My initial attempt was on Grasshopper, to get a parametric control over the form of the bracelet. I was following this tutorial: https://www.youtube.com/watch?v=CDnTFb3BgVo 

I had some problems with the initial steps, where the “polar points” component was acting oddly. Rather than creating an arc along the desired angle, the program was creating split arcs in full rotation. I couldn’t figure out how to fix this, so I decided to drop grasshopper for the time being.

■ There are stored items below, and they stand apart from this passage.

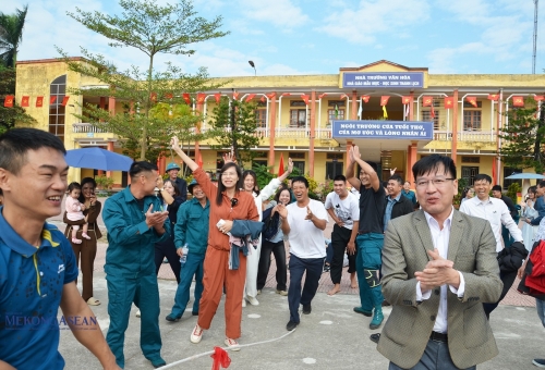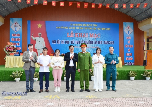 Lãnh đạo Đảng ủy, UBND xã Tuệ Tĩnh chúc mừng các đội tham gia và đoạt giải kéo co tại đại hội. Ảnh: Phùng Nguyện/Mekong ASEA |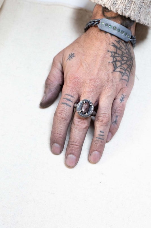 BLACK SPINEL | DOVETAIL PYRAMID TALON RING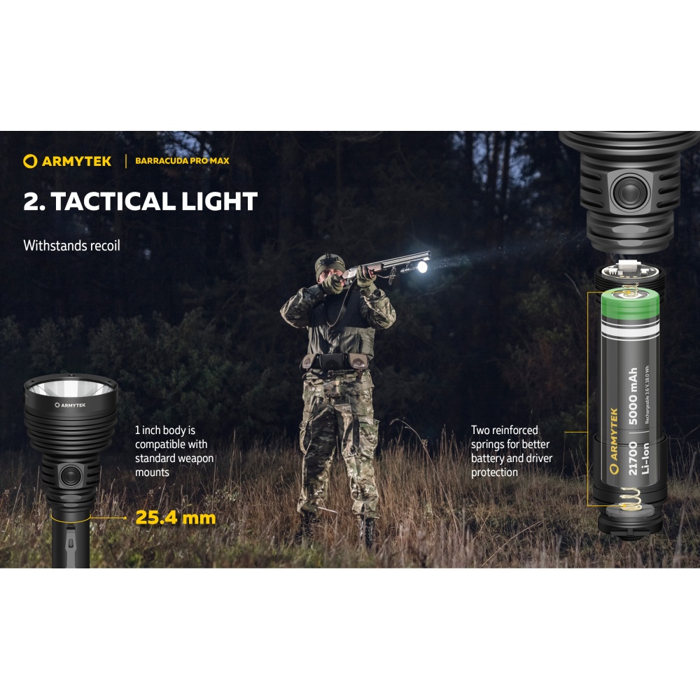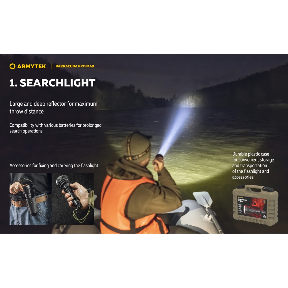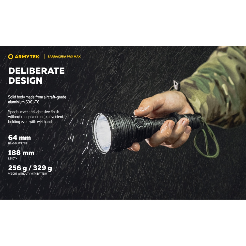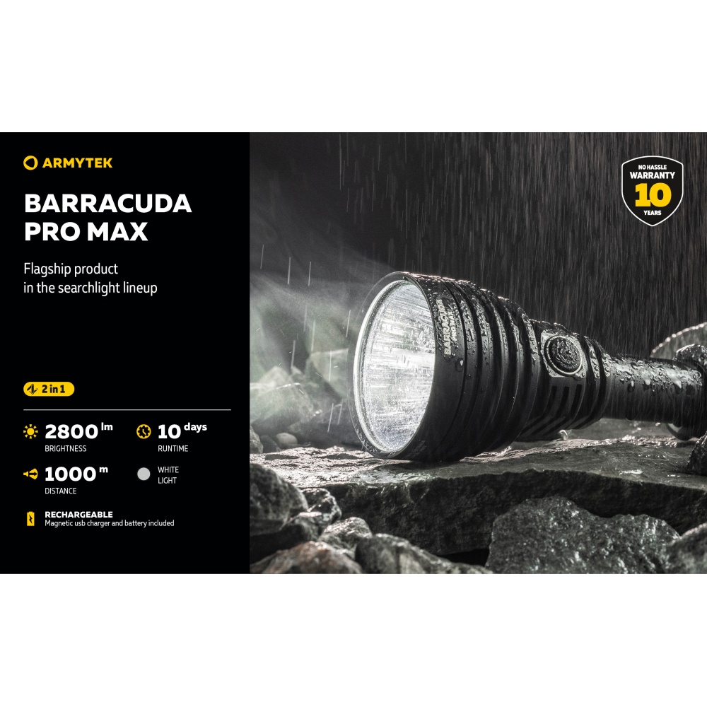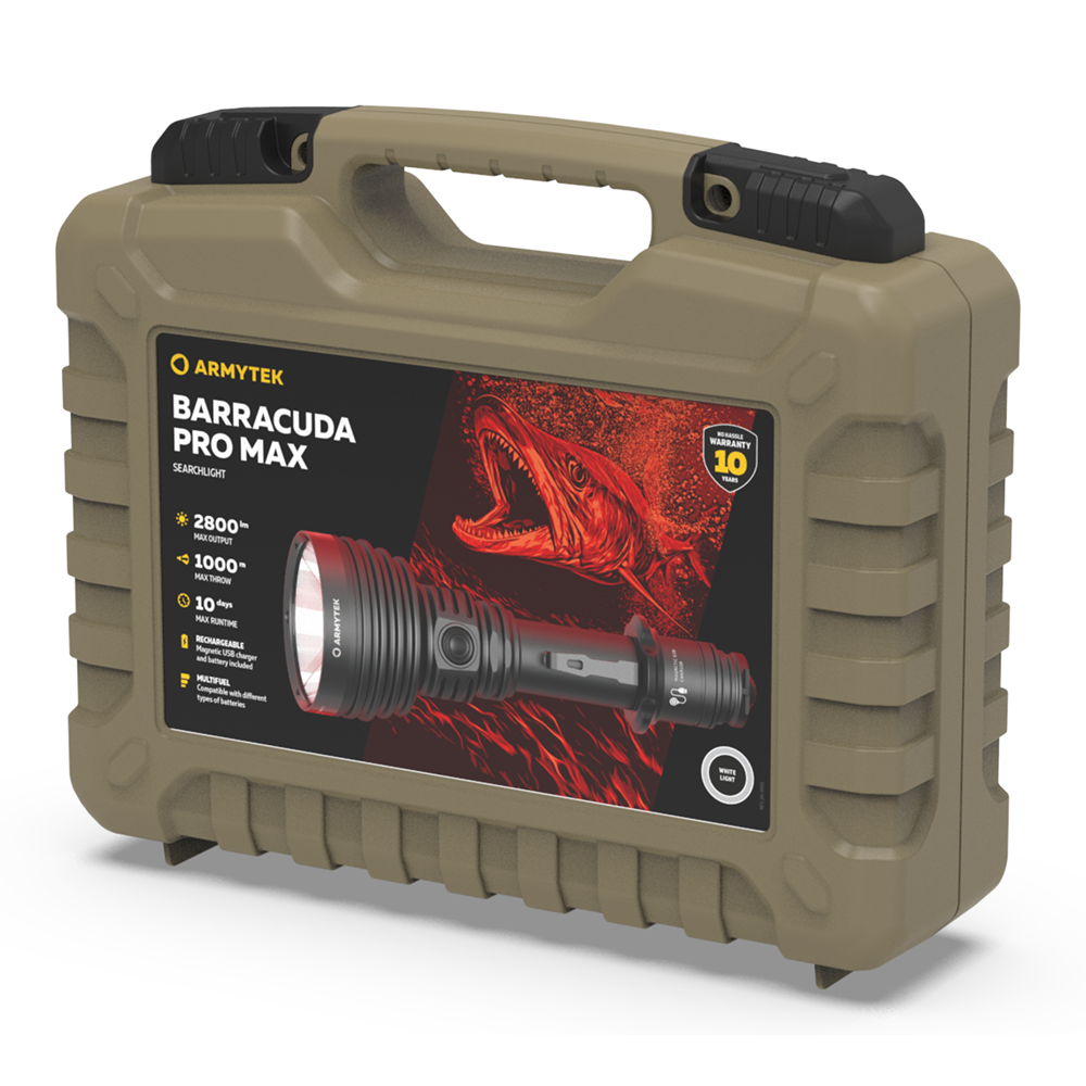 Armytek Barracuda Pro Max Magnet USB PCB on Armyteki uusima põlvkonna taktikalise suunitlusega otsingulamp. Esmakordselt Armyteki ajaloos on Barracuda otsingulamp saanud lisaks tagumisele taktikalisele lülitile ka külglüliti, mis muudab lambiga opereerimise tavakasutajatele mugavamaks ning kiiremaks. Barracuda on tugevakonstruktsiooniline, kompaktne ning eeskujuliku jõudlusega. Valgusjoonis on otsingulambile iseloomuliku tugevalt kontsentreeritud keskosaga (4 kraadi) ja vähemvalgustatud äärealadega (55 kraadi) maksimeerimiseks lambi suutlikkust just tööks keskmistel ja kaugetel distantsidel. Kontsentreeritud valguspunkti diameeter 100 meetri kaugusel on 7 meetrit. Maksimaalseks valgusvõimsuseks on 2800 luumenit ning maksimaalseks valgusvoo ulatuseks koguni 1000 meetrit (1km). Tänu suure mahutavusega akule ja kvaliteetsele toitesüsteemile ulatub Barracuda tööaeg ühe laadimisega minimaalsel 5 luumenilisel valgusvõimsusel kümne järjestikuse ööpäevani (240h). Valgustugevus on täielikult stabiliseeritud ja konstantse tugevusega igal töörežiimil. Kasutajaliides on lihtne ning saadaval on neli erinevat valgustugevust ning peidetud stroborežiim. Barracuda on üleni metallist korpusega vee- ja ilmastikukindel taskulamp pikkusega 188mm, pea diameetriga 64mm ja korpuse läbimõõduga 1" ehk 25,4mm. Barracuda Pro Max on testitud 25m sügavusel vees 5 tunni jooksul ning kukkumisele 25m kõrguselt. Toiteallikana kasutab lamp standardset vahetatavat tüüp 21700 Li-ion akut, kuid on võimeline töötama läbi komplekti kuuluva adapteri ka tüüp 18650 Li-ion akult ning kahelt CR123A liitiumpatareilt. Laadimiseks ei pea akut lambist eemaldama. Magnetkinnitusega laadimiskaabel kinnitub hetkega lambi tagaosa metallpindadega lüliti külge ning lamp on laetav läbi standardse USB väljundit omava toiteallika. Kiirlaadimisvõimekus võimaldab tühja 5000mAh aku täis laadida kõigest 2 tunni ja 45 minutiga. Lisaks omab Barracuda aku tühjenemise hoiatusfunktsiooni ja lambi automaatest ülekuumenemise eest kaitsevat süsteemi. Lisavarustusena on Barracuda kohanduv erinevate relvakinnitustega, jalgrattakinnitustega ja distantslülititega. Lambi standardsesse täiskomplekti kuulub lisaks valgustile Armyteki 5000mAh mahutavusega tüüp 21700 Li-ion aku, magnetlaadimiskaabel, käepael, vöövutlar, taktikaline rõngas, tagavara rõngastihendid, taskuklamber, väiksema toiteallika adapter, kasutusjuhend ning plastikust kandekohver.

According to the tutorial, the resulting line should’ve been a line of connected dots along a curve, but my program instead created a series of disconnected lines along a circle.

After doing another round of searching, I found this tutorial to be the most helpful: https://www.youtube.com/watch?v=Q8Issn3Mpzs. It was simple enough to follow, but allowed variation of thickness along the bracelet, which was my primary goal.

Main problems came from my unfamiliarity with the software. For example, I spent a good thirty minutes trying to figure out why my line was not divided into points as described in the video. It turned out that my view settings were different from the tutorial, so I had to dig around on my own to see how to make the points appear. 

The final model. Big to small waves indicate that the frequency range goes from slow to fast. This addressed the orientation issue previously found in user testing.

While the process was quite slow as I was new to the program, I was happy with how the bracelet turned out. I liked the bulbs that formed in the waves, making it more tactile than the traditional bracelet we imagine. However, I didn’t give much attention to how electronics would be held inside, which was a critical issue that Chloe had to work around after I passed off the design to her. 

Looks-like prototype

As for rendering the final model, Chloe’s main goal was to create a simple and compact design. While Elizabeth’s 3D prototype in Rhino fit the aesthetic goals, it didn’t meet the practical goals to build off of. For one, it was difficult to maintain the wavy form all the while holding all the electronics inside. Also, the thinnest parts of the bracelet would be prone to ripping, if the bracelet were to be made of silicone as intended. As such, Chloe remodelled the bracelet to be aesthetic in a simpler form. Main constraints came from making precise housing for the exact dimensions of each electronic part. 

Chart of dimensions for each electronic part

General difficulty making the model with exact dimensions. Vibration motor is at the bottom of the wrist since the skin is the thinnest and therefore most sensitive.

To solve the issue of orientation, Chloe put a gray dot in the bracelet to indicate that this is the faster frequency where the range begins. Diane would be able to know this intuitively through extended use over time. 

Gray dot placed to indicate orientation

Works-like prototype

For building the technical part of the bracelet, Ivan’s main constraint came from the size of the bracelet, as normal electronics would be hard to fit inside. After talking with Zach, Ivan decided to use the attiny, rather than the regular Arduino uno (or even the Arduino mini), as it had the smallest form factor.

Motor doesn’t respond when the power is directly connected to the attiny. Required a transistor connected to the coin cell battery to solve the issue.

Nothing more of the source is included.